The parties are well acquainted with the facts and procedural history of this case, which the PCRA Court has aptly summarized in its Pa.R.A.P. 1925(a) opinion. See PCRA Opinion, 7/24/2012, at 1–4. Therefore, we simply state that Proctor was convicted by a jury of simple assault and recklessly endangering another person,  and was sentenced to serve a term of imprisonment of 12 to 24 months, consecutive to the sentence he was currently serving. In this appeal, Proctor contends the court erred in denying him relief on the first and fourth issues raised in his PCRA petition, namely: whether trial counsel was ineffective for (1) failing to secure a court stenographer for the preliminary hearing, and (2) abandoning Proctor after Proctor refused to sign a Pa.R.Crim.P. 600 waiver. See Proctor's Brief at 2.
The PCRA Court rejected these two claims as follows:
[Proctor] claims that counsel was ineffective for failing to have the preliminary hearing transcribed. According to [Proctor], he was deprived from using the victim's preliminary hearing testimony in a suppression motion and at trial. He further alleges that counsel goaded him into a guilty plea by making [Proctor] feel helpless.
At the time of the preliminary hearing, counsel secured a favorable plea agreement for a misdemeanor charge (which [Proctor] agreed to) and, therefore, had a reasonable basis for not securing a court stenographer for the hearing. Motion to Withdraw, 07/12/10, at ¶5. However, due to [Proctor's] outburst, the plea agreement was terminated by the Commonwealth. Id. Therefore, counsel had a reasonable basis for not securing a court stenographer for the preliminary hearing. Moreover, [Proctor] has failed to show prejudice, i.e., a reasonable probability of the outcome of trial would have been different had the preliminary hearing been transcribed. Accordingly, this Court finds that [Proctor] has failed to satisfy the second and third prongs of the Strickland [v. Washington, 466 U.S. 668 (1984)] test [for ineffectiveness of counsel claims].

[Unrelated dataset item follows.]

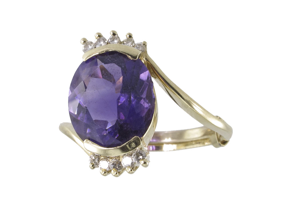 14K AMETHYST & DIAMOND RING: 14K yellow gold ring centers a single 4 ct oval mixed cut amethyst. Rated VVS in clarity (Type I), P in Hue, 4-5 in Tone and 3-4 in Saturation. 8 round brilliant cut diamonds. Weight: .12 Ct. Approx. The diamonds average VS in clarity and L-M in color. The amethyst and diamonds are prong set. Weight: 4.0 grams. Size: 9

[Proctor] claims that defense counsel abandoned him after he refused to sign a Rule 600 waiver. [Proctor] also claims the Court and Commonwealth covered up counsel's "abandonment" and forced him to proceed pro se.
On July 12, 2010, defense counsel visited [Proctor] in the Erie County Prison and asked him to sign a Rule 600 waiver. [Proctor] refused and expressed that he no longer wanted counsel to represent him. Motion to Withdraw, 07/12/10, at ¶4. Moreover, [Proctor's] outburst during the meeting required defense counsel to be immediately escorted by correction officers from the prison interview room. Id. In response, defense counsel appropriately filed a withdrawal motion, which was granted on July , 2010.
On July 15, 2010, Judge Dunlavey strenuously encouraged [Proctor] to apply for a public defender or obtain counsel. N.T. Pro Se Colloquy, 07/15/10, at 4–9, 14.
 In fact, Judge Dunlavey subsequently contacted the Erie County Public Defender's Office and directed that they contact [Proctor] to discuss representation. N.T. Pro Se Colloquy, 08/19/10, at 3.
After explaining the nature/elements of the charges, the possible ranges of sentence, the implication of his conviction, and the downside of proceeding pro se, [Proctor] was permitted to proceed pro se.
Based [on] the above, this Court finds this claim meritless. It was [Proctor's] voluntary choice to proceed pro se after he expressed his unwillingness to cooperate with defense counsel or any other attorney.
PCRA Court Opinion, supra, at 6, 8–9.
Having carefully reviewed the record, and mindful of our standard of review,  we conclude that the PCRA court has properly disposed of the issues raised in this appeal. Therefore, we affirm on the basis of the court's sound rationale set forth above.